Одного я знаю: длинный, худой, в сером парусиновом пиджаке, из-под которого на груди рябит тельняшка, на голове выгоревшая, бывалая, в масляных пятнах, морская фуражка — Николай Иванович, механик с рыболовного сейнера; судно его на ремонте в порту, он каждый день ездит туда: «Кому же я ремонт доверю… Мотор должен быть, как часики… Тут самому надо». Любопытному человеку может порассказать Николай Иванович, сколько раз во время войны выручал команду мотор, когда ходил он на старом рыбацком катере в Керчь и Феодосию — высаживал десанты…
Его сосед успел на катер перед самым отходом, работал мотор, отдали швартовы, между причальной стенкой и бортом взбурлила вода, высокий смуглолицый дяденька, поощряемый сочувственными выкриками, прыгнул, катер качнулся, припоздавшего пассажира бросило, он споткнулся о тяжелый просмоленный канат у рубки, задел плечом противопожарное ведро, оно свалилось с грохотом, стукнуло кого-то из доминошников, смуглолицый окончательно растерялся, засмущался, даже испарина выступила на бурой загорелой шее… Выручил Николай Иванович, позвал «станичника», усадил рядом…
Он чем-то неуловимо отличается от всех на катере. Не только начальной неуклюжестью, некоторой неловкостью и даже стеснительностью, но даже и одеждой: пропыленная, пропотевшая косоворотка, мятые серые штаны, разношенные парусиновые туфли на босу ногу — так и кажется, что на промытый, пахнущий смолой и солью катер он попал по каким-то своим делам прямо со степной дороги.
Видимо, так оно и есть, потому что завел он с Николаем Ивановичем разговор о колхозном житье-бытье.
— Демобилизовался, предлагали бригадиром. Отказался. Не могу, говорю. Рабочая сила какая: и та вдова, и у другой муж-солдат, с войны не вернулся, да подростки-сироты… Коров эту весну запрягали в бороны. И коровы ревут, и бабы возле них плачут. Инвентарь побитый. Хорошо работать, когда есть чем, хорошо руководить, когда есть кем. И потом, я не могу, так переживаю за все…

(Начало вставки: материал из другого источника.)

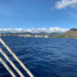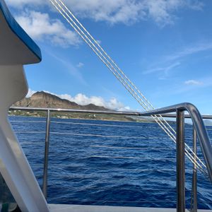 The weather was a bit unpredictable with rain coming and going, but the conditions on the day turned out to be quite good. The contrast of the rainbow with the planes taking off from Honolulu Airport and the view of Diamond Head and the streets of Waikiki from the sea was very uplifting. The open sea had surprisingly high waves, and everything from my clothes to my belongings got soaked, but the pleasant climate made it feel like being sprayed with water at Disneyland. Unfortunately, we didn't see any whales, but we received a pass to ride again for free within the season, so I felt quite satisfied. A couple in their 50s who could only speak basic English like "Thank you" somehow joined a tour that only had an English-speaking guide (there were about 20 participants, and only one other Japanese group besides us), but even without understanding the language, we had a pretty good time. Just keep in mind that there are no life jackets, so any activities outside the boat are at your own risk.

Натужный стук двигателя мешает мне. Но на повороте меняется ветер, и я вновь слышу:
— Этой весной с сеялкой у меня не ладилось. Суховей дует, земля прямо на глазах пересыхает, а у меня с колосниками… Веришь, на десять дней речь потерял… Язык ворочается, а сказать ничего не могу… Видать, война отливается, с сорок первого и по госпиталям сколько… Ну, псих перебьет, отойду, и ничего. Я дурной, жена меня всякими словами обзывает, за общее страшно как болею, поэтому и бригадиром не могу.